Bunuel wrote:
If the operation € is defined for all x and y by the equation x € y = 2*x*y, then 3 € (4 € 5) =
(A) 80
(B) 120
(C) 160
(D) 240
(E) 360
Kudos for a correct solution.
VERITAS PREP OFFICIAL SOLUTION:The exam is using the € symbol to stand in for another ad hoc equation, but the fact that your brain has to process this extra information is enough to throw some students out of their comfort zone. Added to this, the question does not ask for a single execution of this operation, but rather the resolution of a nested € equation. These foreign symbols may seem daunting, but remember there’s nothing here that wouldn’t be trivial without the bloated wording.
Let’s break this question down into its component parts. The symbol € is being defined for x and y as 2*x*y, which basically means take the two numbers together and multiply them. Once you’ve finished that, double the result, and you’re done. So if I ask for 5 € 10, I’d take 5*10, which is 50, and then double it. The answer would be 100. It’s relatively simple once you translate the equation into something meaningful, so we’re set up to execute a € equation on any two variables.
Of course the equation doesn’t give us only two variables, it gives us three. It’s logical to assume that the order of operation will matter here (hint: it actually doesn’t in this case), so we should start with the nested arguments before expanding outwardly. Within the bracket is 4 € 5, which would mean we multiply 4 by 5 and then double it, yielding a total of 20 * 2, or 40. The equation now reads 3 € 40, which means we again multiply together and then double, leaving a total of 120 * 2, or 240. Answer choice D is 240, so we have reached the correct answer.
Why did I mention that the order doesn’t matter? Because this specific example uses only multiplication, which is a commutative equation, or in other words: a x b = b x a. This isn’t always the case (think division), so it’s a good habit to always execute operations in the correct order. You may remember the mnemonic PEMDAS, which reminds you that the order of operations is {Parentheses, Exponents, Multiplication, Division, Addition, Subtraction}. In this instance the results would have been the same but that’s one more trap the GMAT test makers have at their disposal.

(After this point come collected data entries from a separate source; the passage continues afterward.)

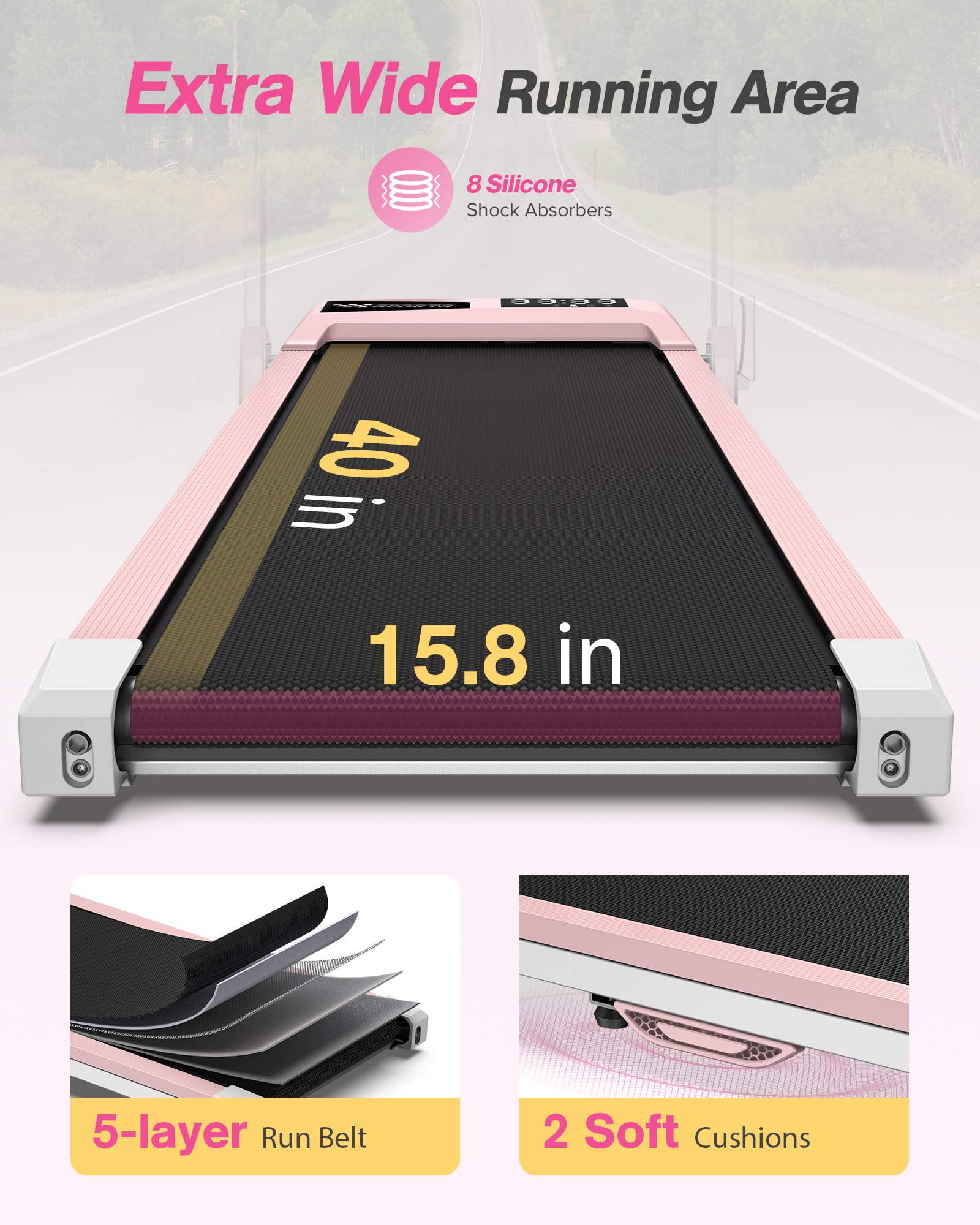 - Anti-Slip Belt & Shock Absorption: The Wellfit treadmill offers a spacious 40'' x 15.8'' running area with 5 layers of anti-slip running belt for added safety. Equipped with 8 silicone shock absorbers and 2 soft rubber pads, it delivers superior cushioning to protect your knees and muscles, ensuring a comfortable and safe running experience.
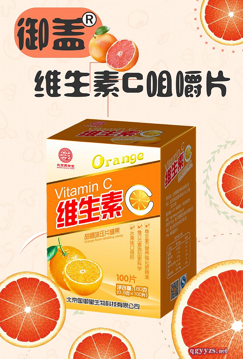 [商品名稱] 御蓋維生素C咀嚼片 [生產(chǎn)] 新鄉(xiāng)市國御堂生物技術(shù)有限公司 [規(guī)格]0.5gX100片 200盒/件 [儲(chǔ)藏方法]密封、置陰涼干燥處 [注意事項(xiàng)]本品不能代替藥物 |
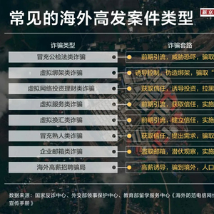 根据外交部领事保护中心联合国家反诈中心、教育部留学服务中心制作发布的《海外防范电信网络诈骗宣传手册》,共有八类常见的海外高发案件类型。在这些纷繁复杂的诈骗类型中,演员被诈骗的遭遇就属于“海外高薪招聘”类。
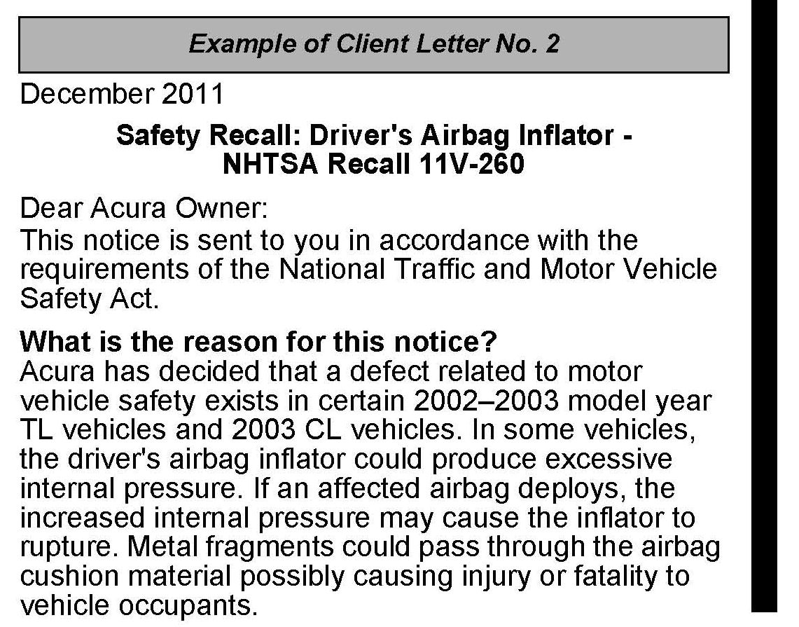 All owners of affected vehicles will be sent a notification of this campaign. An example of the client notification is included at the end of this service bulletin.
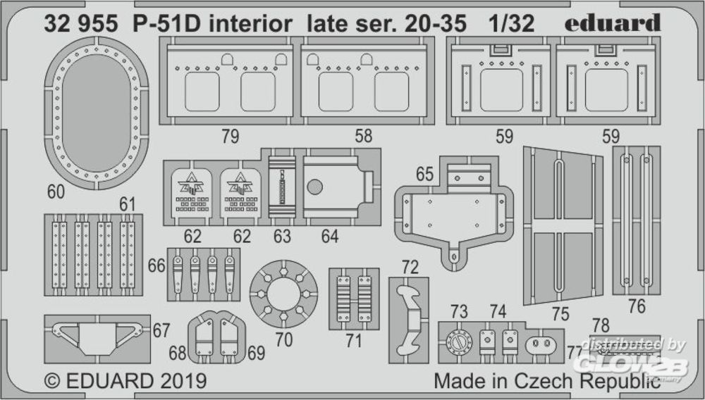 Eduard Accessories: P-51D interior late ser. 20-35 f. Tamiya in 1:32 [3932955]
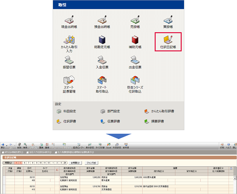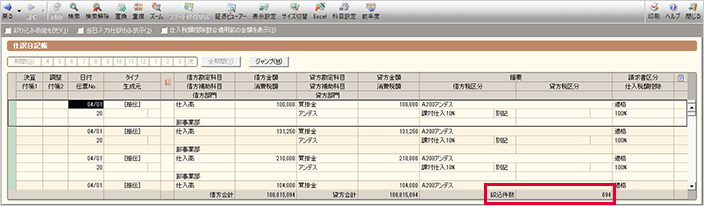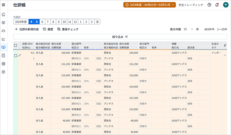 インポートが完了すると仕訳帳が表示され、インポートされた仕訳を確認できます。
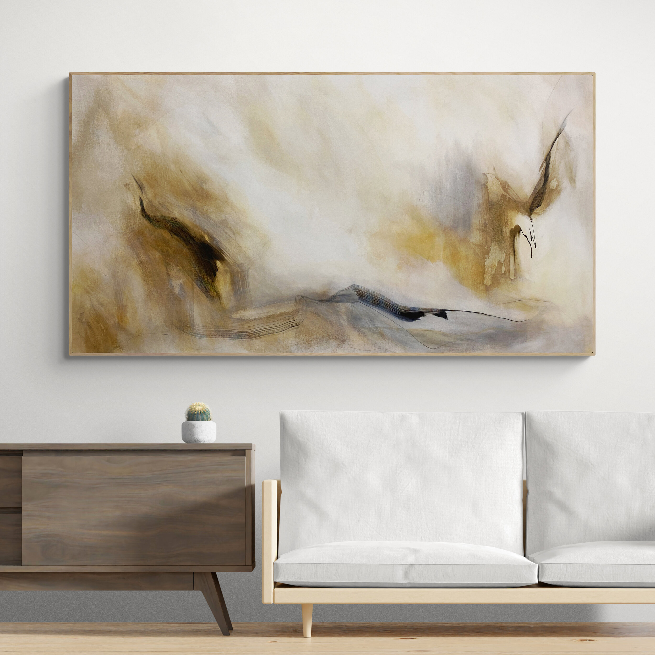 Its vibrant palette of light warm beige, ochre and browns, grey, black and white makes the bold mark-making in this piece come alive.
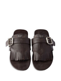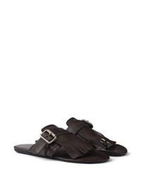 Shuffle sandals Highlights - Dark brown - Slip-on style - Front strap with buckle - Fringed detailing - Flat sole Composition Lining: Calf Leather 100% Sole: Rubber 100% Outer: Calf Leather 100%
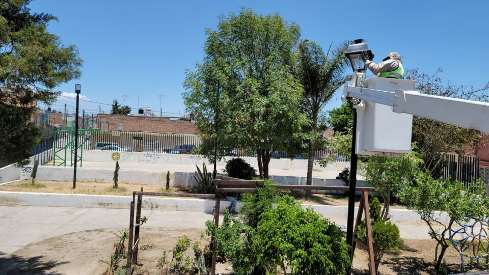 Soledad de Graciano Sánchez; SLP.- La Dirección de Servicios Municipales a través del área de alumbrado público ha intensificado los trabajos para rehabilitar luminarias en diferentes zonas de la localidad, esto como parte del compromiso que mantiene la alcaldesa de Soledad de Graciano Sánchez, Leonor Noyola Cervantes, con la ciudadanía.
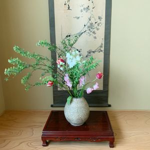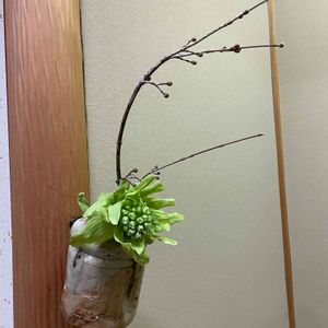 かなり長い枝垂れ柳を数本頂いたのでいけてみました。 写真は床。玄関には白い椿を添えて。 枝垂れ柳の花を見たことないなぁと思っていたら……なんと!この子は雌雄別株で日本には雄株しかないそうです。だから増やすのは挿し木のみ😱ということは……みんなクローン⁉️
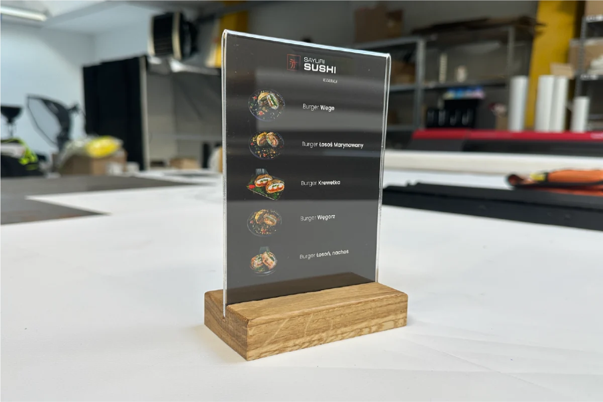 Chcesz, by Twoja oferta, menu lub ważna informacja była widoczna i łatwo dostępna dla każdego klienta? Projektujemy i produkujemy standy reklamowe, które są idealnym rozwiązaniem do ekspozycji na ladach, biurkach, w witrynach sklepowych czy na stolikach w restauracjach. Od wyboru trwałego materiału (akryl, PCV, drewno) i formatu, przez indywidualny projekt graficzny z Twoim logo i treścią, aż po precyzyjny druk i solidną podstawkę – dbamy o każdy detal. Stworzymy standy idealnie dopasowane do Twoich potrzeb, które skutecznie przekażą Twój komunikat, wzmocnią profesjonalny wizerunek i zachęcą do działania. Z nami Twoja marka będzie zawsze na pierwszym planie!
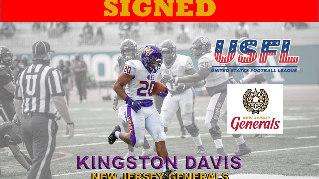 Former Miles student-athlete Kingston Davis has signed a contract with the New Jersey Generals of the USFL (United States Football League.) He is scheduled to begin practice with the team this week.
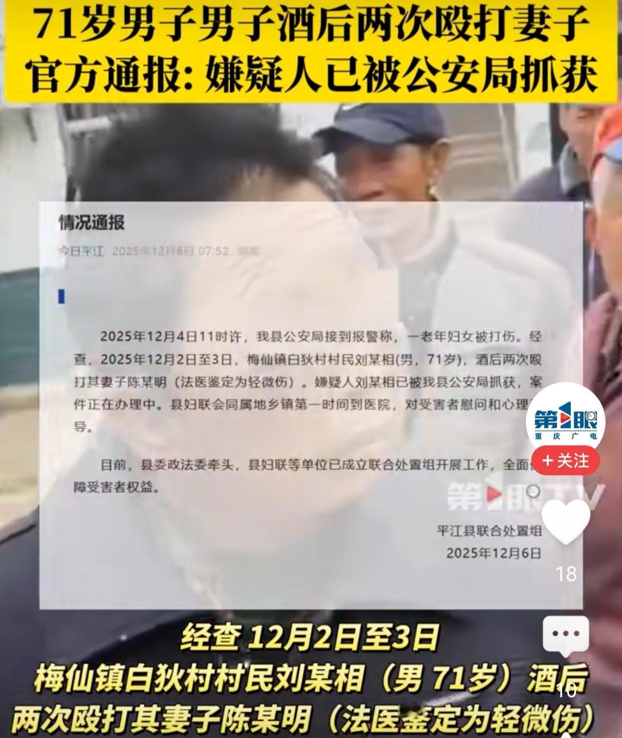 71岁男子, 酒后两次殴打妻子, 惊动了公安局已被抓获。 正应验了那句话:“婚姻千万别将就。”选择对了,被疼爱一辈子;选择错了,被欺负一辈子。 网友评论: 岁数这么大了,还这么嚣张,看来这是家暴一辈子了,该严惩 婚姻选对了天天情人节,选错了天天渡劫,对家暴零容忍,女人也要勇敢拿起法律武器,维护自己的合法权益 这则事件看得人满心愤慨!71岁男子酒后家暴妻子的行为,完全突破了道德与法律的底线,而“少年夫妻老来伴”的温情,在暴力面前荡然无存。更让人揪心的是受害者身心的双重伤害,所幸警方已介入、相关部门也成立了处置组,希望能切实保障受害者的权益,让施暴者得到应有的惩处。婚姻从不是忍气吞声的理由,面对家暴更不该将就,及时求助、用法律保护自己才是正解。 这个岁数就别再犹豫了,赶紧离婚,逃离这个没有人性的男人,不值得留恋 看来这老头子酒精中毒了 已经变态了 我这60岁的老头子,都恨得牙痒痒! 这都多大年纪了,被公安局因酒后打妻而抓,孩子们怎么看呀

Another potential solution involves eliminating answer choices that cannot possibly work. If we look at the arguments provided, we have 3, 4 and 5, all of which need to be multiplied together. That product yields 60, which means that the correct answer choice must be a multiple of 60. Answer choices A and C can both be eliminated based on knowing that much. Perhaps from there you can recognize that this number needs to be doubled twice, leading you once again to answer choice D. However, this type of question is not particularly easy to backsolve unless you understand what is going on with the symbols.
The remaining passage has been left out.